Without any of the pictures, transcribe all the lines below exactly.

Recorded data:
☆ ☆ ☆

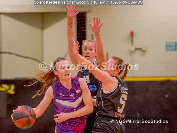 WNBL Division 1 – 18 February, 2017 – St Marys Leisure Cent. : Mel Curson (14) and Jodi Jerram (5) pressure defense during match between Solent Kestrels Women and Charnwood CR (Photo by NGS/MirrorBoxStudios)
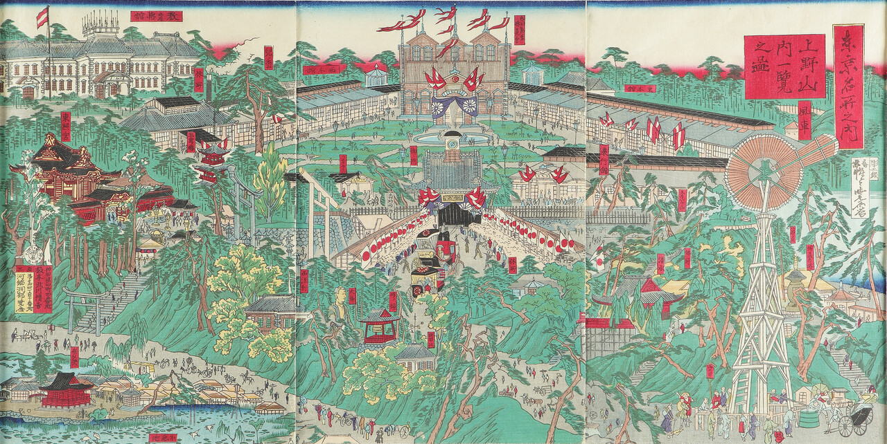 なお本展第5章で紹介される、河鍋暁斎《東京名所之内 上野山内一覧之図》は、当スクール開催の2025夏季・特別講座・イベント8月20日開催「暁斎に学ぶ―明治以前の空間構成法―」(今井陽子先生)のテーマとなっております。暁斎独自の空間構成について学ぶ講座です。
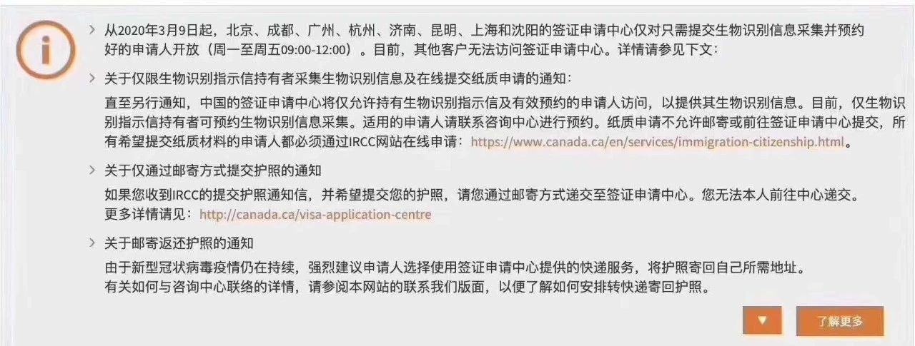 直至另行通知,中国的签证申请中心将仅允许持有生物识别指示信及有效预约的申请人访问,以提供其生物识别信息。目前,仅生物识别指示信持有者可预约生物识别信息采集。适用的申请人请联系咨询中心进行预约。纸质申请不允许邮寄或前往签证申请中心提交,所有希望提交纸质材料的申请人都必须通过IRCC网站在线申请。
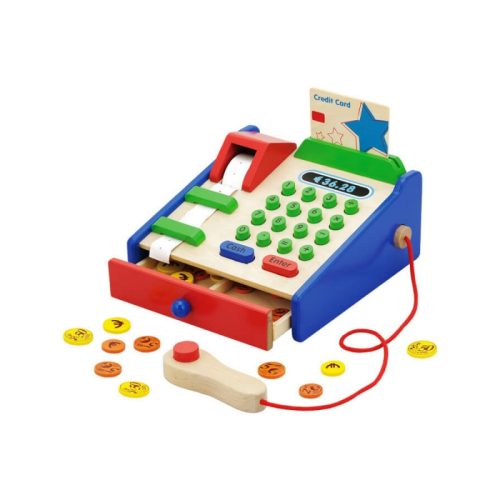 A kis fából készült pénztárgép minden boltos és piacos szerepjáték elengedhetetlen kelléke.
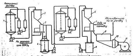 Немецкие специалисты предлагают способ регенерации адипиновой кислоты из маточных растворов, образующихся при получении технической адипиновой кислоты (24). Водный раствор адипиновой кислоты при температуре 30-60°С смешивают с таким количеством адипиновой кислоты, чтобы содержание НNО3
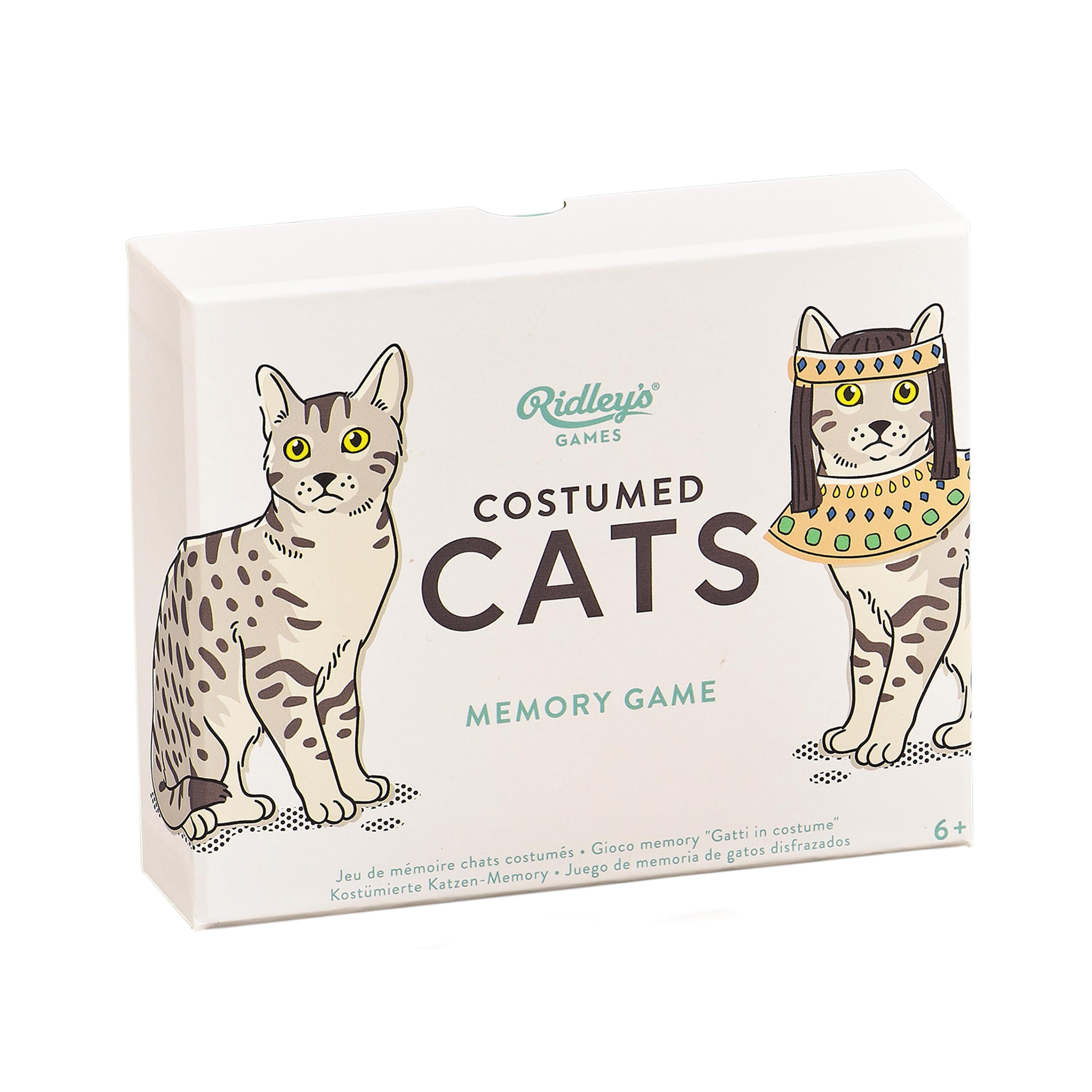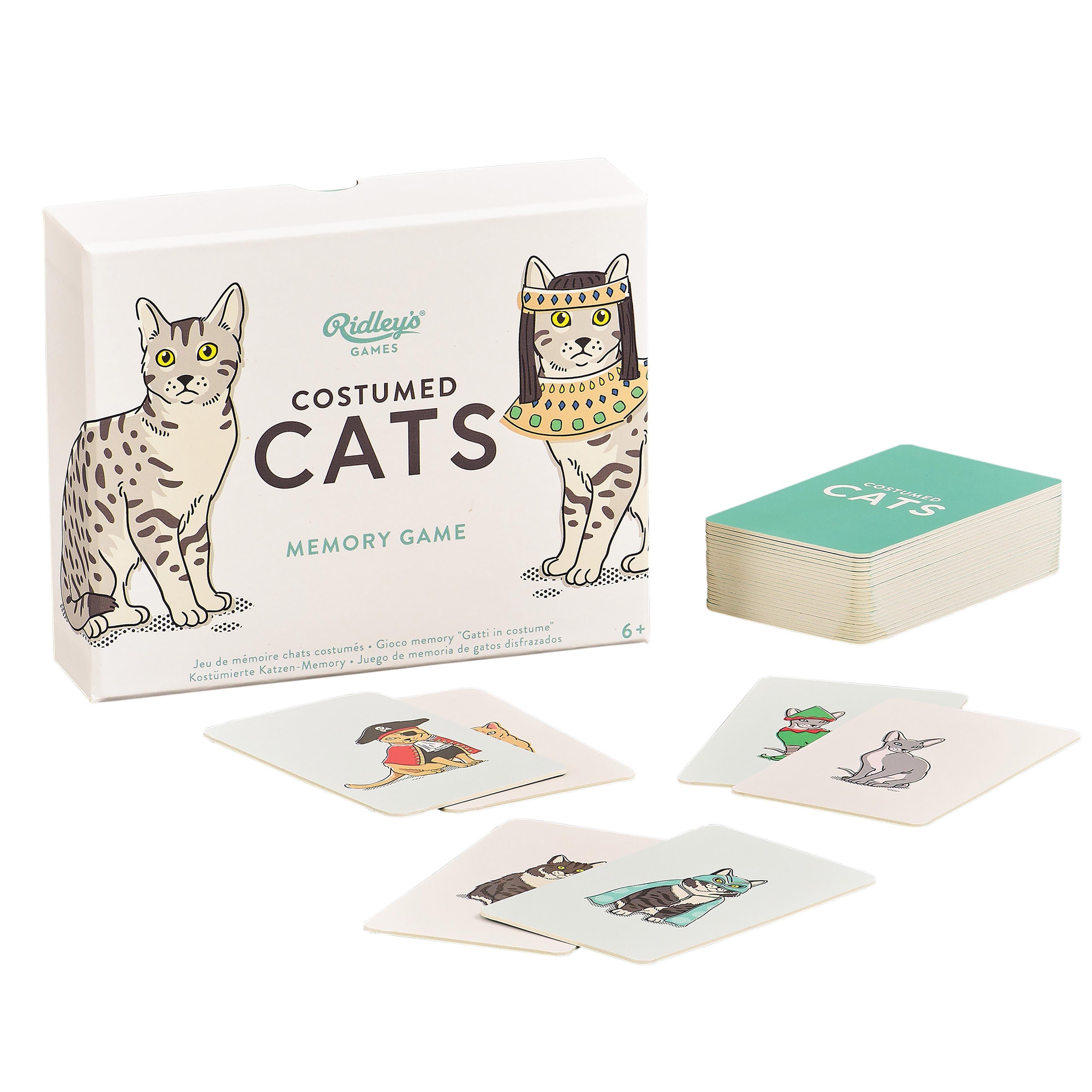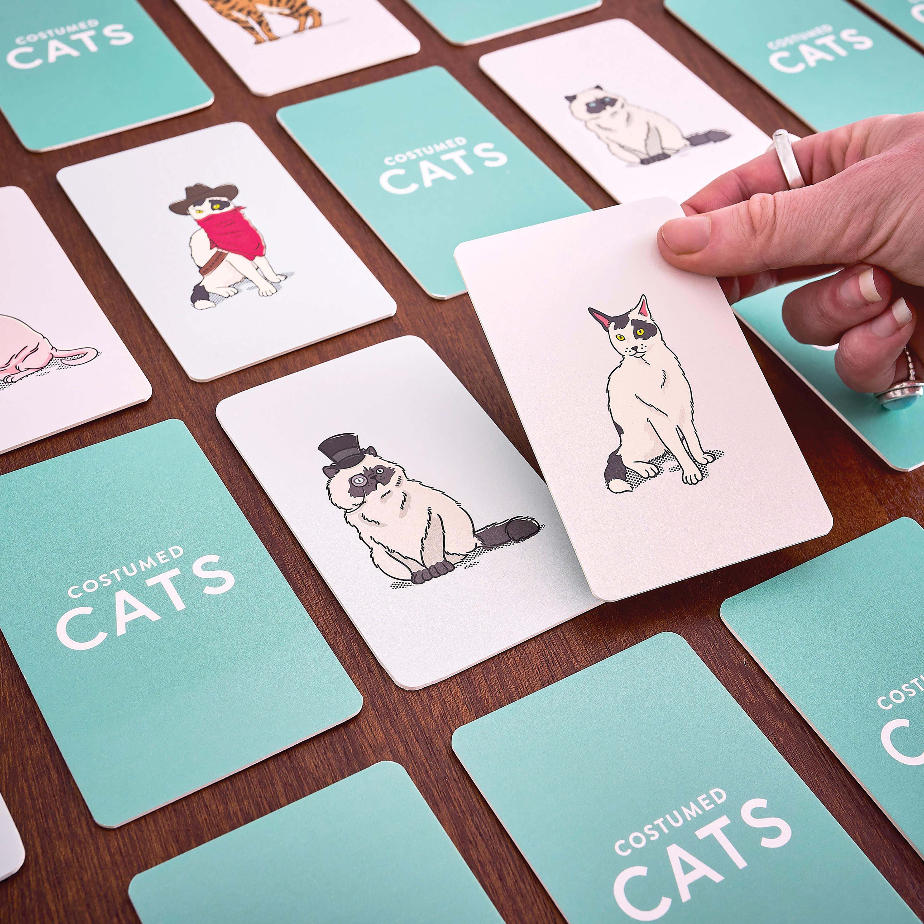 Take it in turns to pick two cards to reveal and try to match the cats to their fetching costumed companions.

☆ ☆ ☆

» **Task result**:
 WNBL Division 1 – 18 February, 2017 – St Marys Leisure Cent. : Mel Curson (14) and Jodi Jerram (5) pressure defense during match between Solent Kestrels Women and Charnwood CR (Photo by NGS/MirrorBoxStudios)
 なお本展第5章で紹介される、河鍋暁斎《東京名所之内 上野山内一覧之図》は、当スクール開催の2025夏季・特別講座・イベント8月20日開催「暁斎に学ぶ―明治以前の空間構成法―」(今井陽子先生)のテーマとなっております。暁斎独自の空間構成について学ぶ講座です。
 直至另行通知,中国的签证申请中心将仅允许持有生物识别指示信及有效预约的申请人访问,以提供其生物识别信息。目前,仅生物识别指示信持有者可预约生物识别信息采集。适用的申请人请联系咨询中心进行预约。纸质申请不允许邮寄或前往签证申请中心提交,所有希望提交纸质材料的申请人都必须通过IRCC网站在线申请。
 A kis fából készült pénztárgép minden boltos és piacos szerepjáték elengedhetetlen kelléke.
 Немецкие специалисты предлагают способ регенерации адипиновой кислоты из маточных растворов, образующихся при получении технической адипиновой кислоты (24). Водный раствор адипиновой кислоты при температуре 30-60°С смешивают с таким количеством адипиновой кислоты, чтобы содержание НNО3
 Take it in turns to pick two cards to reveal and try to match the cats to their fetching costumed companions.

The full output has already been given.